▶ _Study material_:
================================

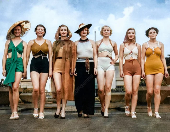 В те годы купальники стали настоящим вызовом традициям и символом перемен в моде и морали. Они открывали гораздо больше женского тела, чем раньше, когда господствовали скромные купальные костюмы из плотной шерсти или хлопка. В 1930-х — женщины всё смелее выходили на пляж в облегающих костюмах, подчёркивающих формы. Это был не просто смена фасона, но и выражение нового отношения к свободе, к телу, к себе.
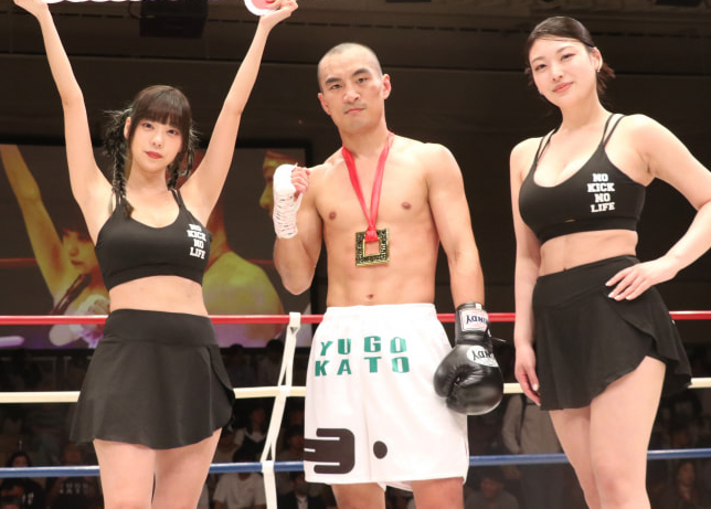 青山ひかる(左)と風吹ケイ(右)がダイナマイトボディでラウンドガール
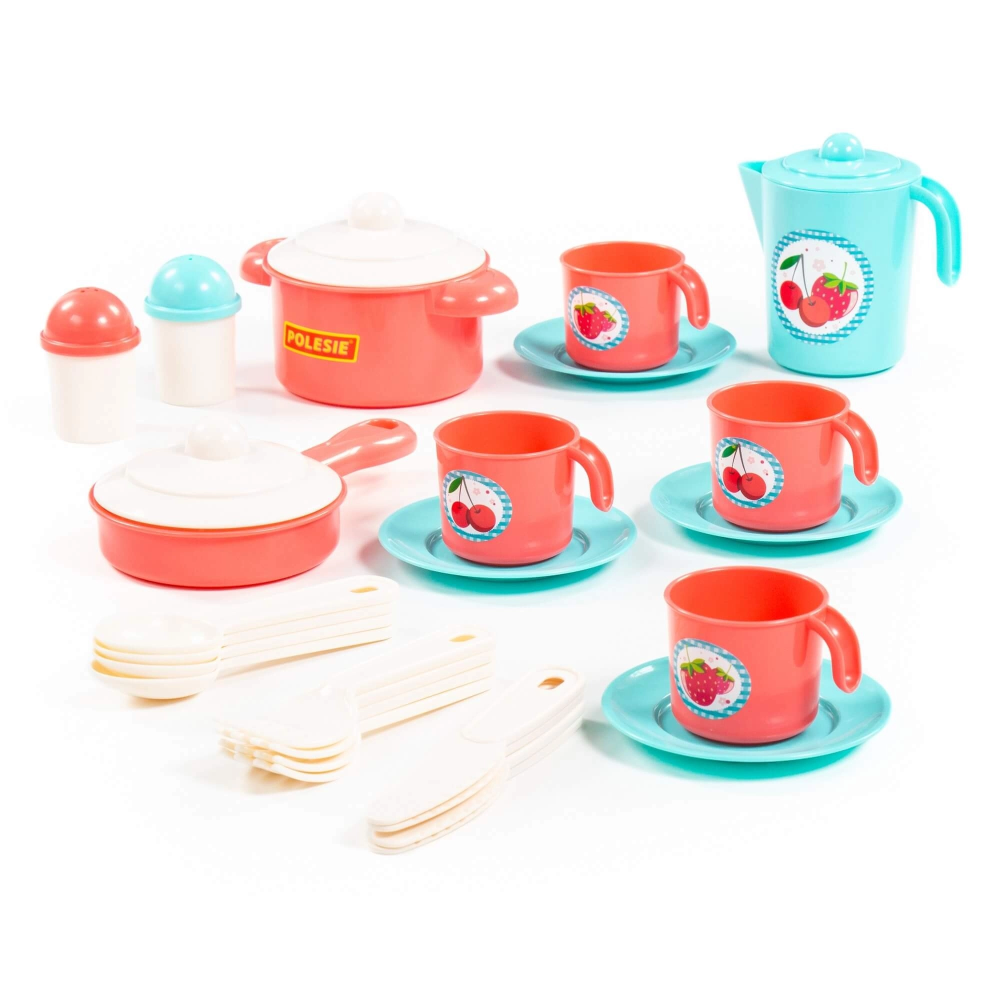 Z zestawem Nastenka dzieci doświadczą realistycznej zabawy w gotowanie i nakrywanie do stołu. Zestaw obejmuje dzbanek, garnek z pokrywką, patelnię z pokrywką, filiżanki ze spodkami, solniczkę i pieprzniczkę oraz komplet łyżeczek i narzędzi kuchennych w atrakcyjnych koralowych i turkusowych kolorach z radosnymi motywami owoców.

================================

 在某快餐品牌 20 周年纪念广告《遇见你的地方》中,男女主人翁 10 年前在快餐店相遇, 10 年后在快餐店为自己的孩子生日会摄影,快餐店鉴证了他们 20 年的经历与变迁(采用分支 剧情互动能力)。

================================

▶ _Aim of the task_: All that should be printed is the run of lines above from the one with "В те годы купальники" through the one with "Z zestawem Nastenka", both included, exactly as given, with pictures left out.

▶ _Solution to this problem_:
 В те годы купальники стали настоящим вызовом традициям и символом перемен в моде и морали. Они открывали гораздо больше женского тела, чем раньше, когда господствовали скромные купальные костюмы из плотной шерсти или хлопка. В 1930-х — женщины всё смелее выходили на пляж в облегающих костюмах, подчёркивающих формы. Это был не просто смена фасона, но и выражение нового отношения к свободе, к телу, к себе.
 青山ひかる(左)と風吹ケイ(右)がダイナマイトボディでラウンドガール
 Z zestawem Nastenka dzieci doświadczą realistycznej zabawy w gotowanie i nakrywanie do stołu. Zestaw obejmuje dzbanek, garnek z pokrywką, patelnię z pokrywką, filiżanki ze spodkami, solniczkę i pieprzniczkę oraz komplet łyżeczek i narzędzi kuchennych w atrakcyjnych koralowych i turkusowych kolorach z radosnymi motywami owoców.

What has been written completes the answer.